A delicious and simple salad dressing. Everyone has variations on this basic idea but here is mine! Make it in a small jar, as it mixes best when shaken vigorously and is never the same if you just stir it in a cup.
- 3 tablespoons of good quality balsamic vinegar*
- 3 tablespoons of your best olive oil*
- 1 heaped teaspoon wholegrain mustard
- Lots of freshly ground pepper
- A pinch of salt
- 1/2 teaspoon sugar (optional, but it does make the dressing sharper and give a ‘zing’)

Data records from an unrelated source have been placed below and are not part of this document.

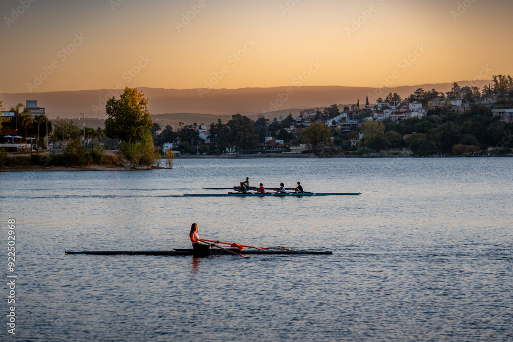 Silhouette of people enjoying rowing on Saint Roque Lake in Villa Carlos Paz at sunset #922502968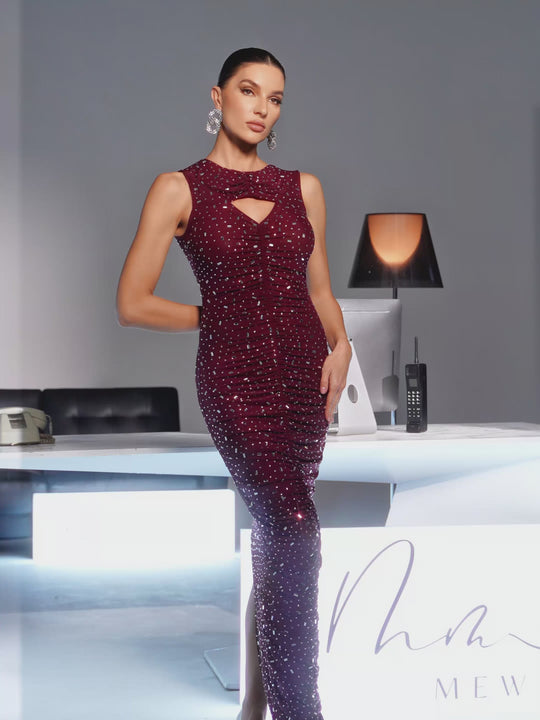 Feroze Sleeveless Cutout Rhinestone Maxi Dress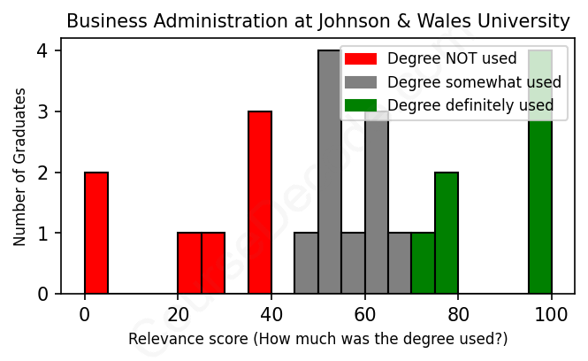 First, some facts. Of the Business Administration graduates from Johnson & Wales University we've analyzed , here's how many have used (or NOT used) their degree in their career: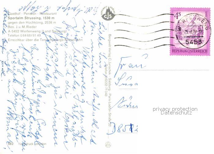 72761878 alte Postkarte Werfenweng Sportalm Strussing postalisch gelaufen Erhaltung siehe scans [LiesaD40] KatCode: 11390322050425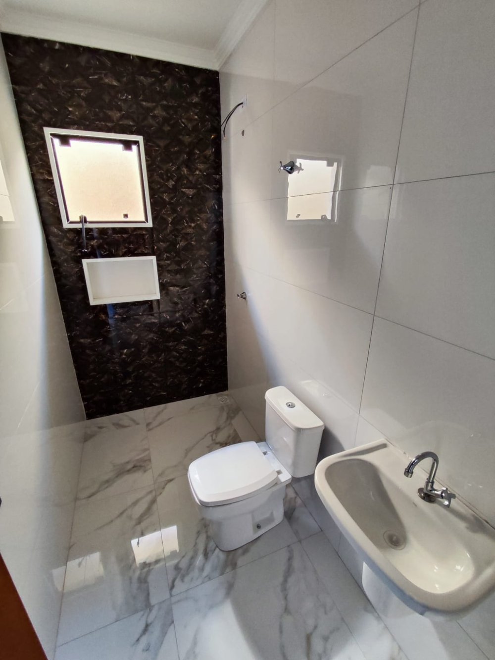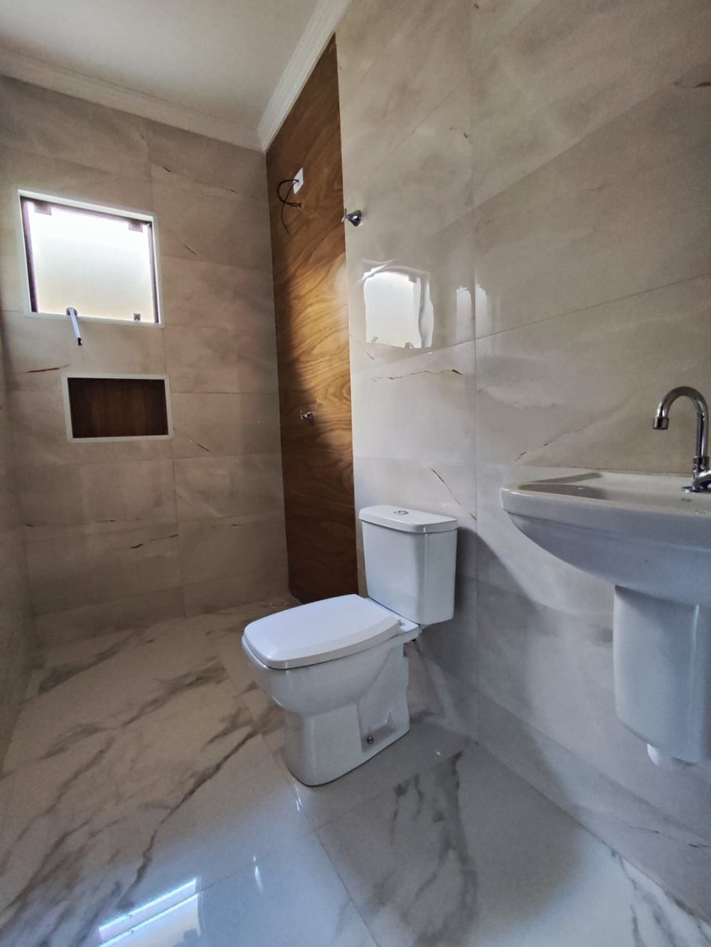 Com 130m² de área construída em laje e 233m² de área total, a casa apresenta ambientes amplos, bem distribuídos e com acabamentos de alto padrão, como piso em porcelanato, que une elegância, durabilidade e praticidade.

Put the balsamic, mustard, salt and pepper and sugar in the small jar. Screw the lid on tightly and shake it vigorously until it is all combined (when you mix it in the balsamic first the ingredients dissolve and disperse evenly before adding the oil.) Now add the olive oil and shake it again.
* I use three different grades of Olive Oil at home. The very best (and most expensive) one I only use for salad dressing or drizzling over food and would never heat it. The other two are different types of olive oils each with a distinctive flavor that I use in cooking. Same principal goes for my balsamic, I use the best one for salads and drizzles and the cheaper one for adding to sauces that I cook.

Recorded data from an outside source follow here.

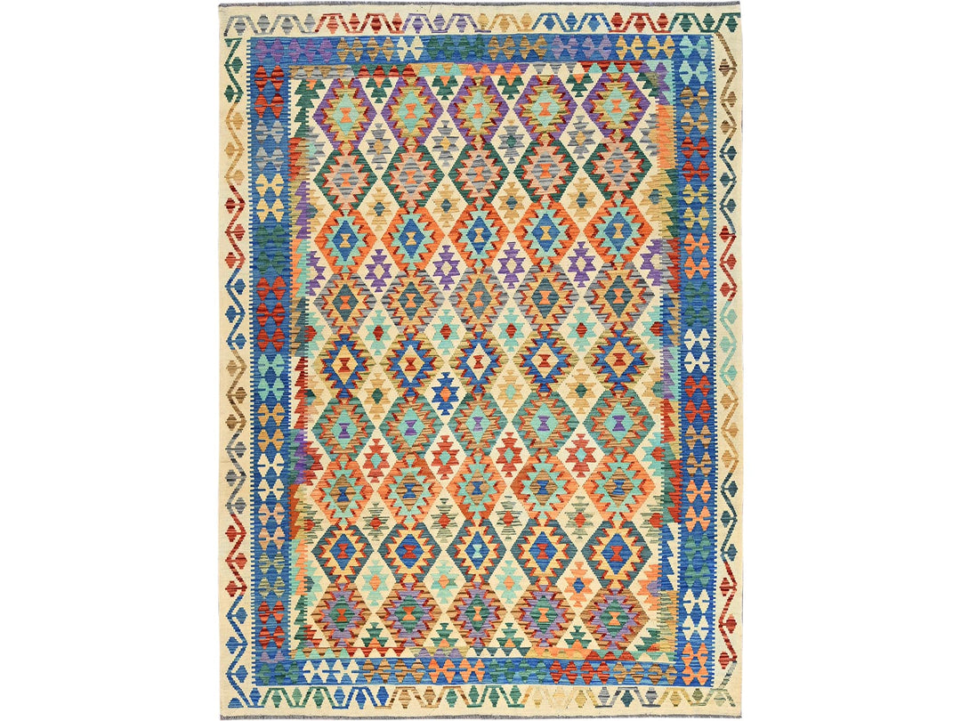 8'4" x 11'5" New Hand Woven Ivory Wool Rectangle Oriental Rug - MOA1021217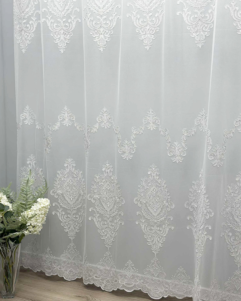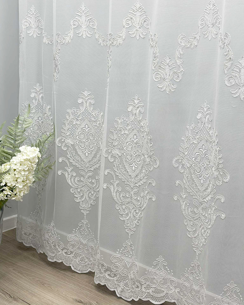Šis dieninių užuolaidų audinys - puikus sprendimas, siekiant suteikti interjerui lengvumo, šviesos ir subtilaus išbaigtumo. Siuvinėtos užuolaidos gali būti puiki galimybė sukurti ypatingą ir prabangų kambario įvaizdį. Jos dažnai naudojamos svetainėse, miegamuosiuose ar kituose prestižinės aplinkos kambariuose.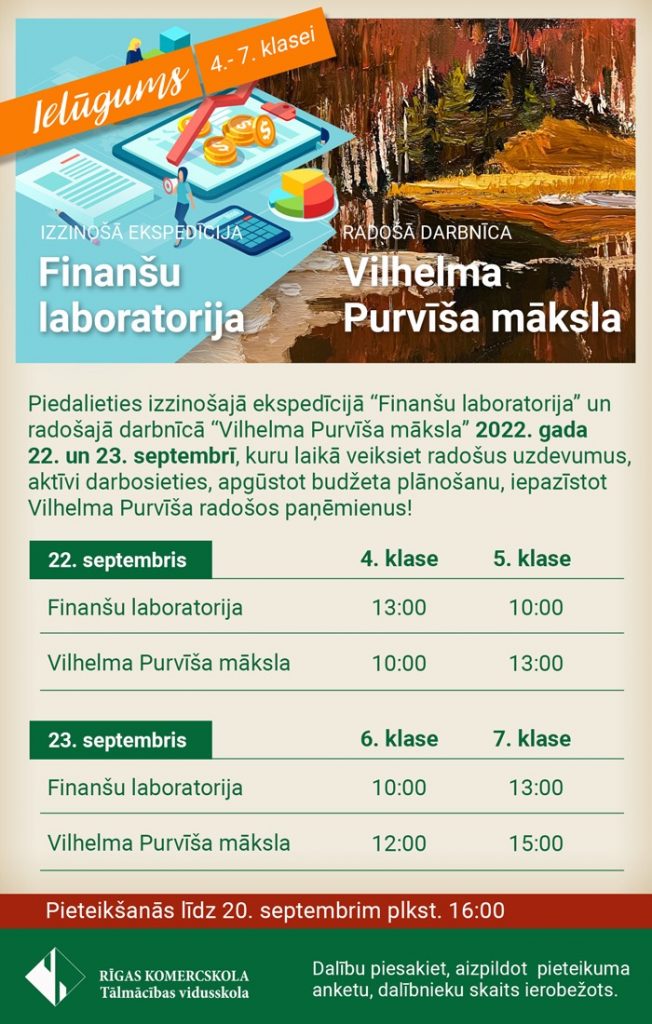 Piedalieties izzinošajā ekspedīcijā “Finanšu laboratorija” un radošajā darbnīcā “Vilhelma Purvīša māksla”, kuru laikā veiksiet radošus uzdevumus, aktīvi darbosieties, apgūstot budžeta plānošanu, iepazīstot Vilhelma Purvīša radošos paņēmienus!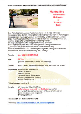 Der Workshop mit Andreas Puschmann richtet sich an Mantrailing Teams, die ihr Wissen über GA verbessern wollen.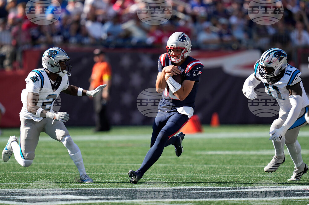 New England Patriots quarterback Drake Maye, center, runs against Carolina Panthers cornerback Mike Jackson (2) during the second half of an NFL football game, Sunday, Sept. 28, 2025, in Foxborough, Mass. (AP Photo/Charles Krupa)

Variations on this recipe are:
- Add some fresh, finely chopped herbs (or a few pinches of dried herbs works too, but rub them between your fingers first to break open the flavor)
- For a sweeter salad dressing use hazelnut oil, or half and half hazelnut & olive oil.
- Walnut oil gives a distinct flavor and if you have cheese in your salad is delicious.
- Add a glove of crushed garlic.
- Try replacing the balsamic with Japanese Rice Wine Vinegar (not sushi vinegar, it is different).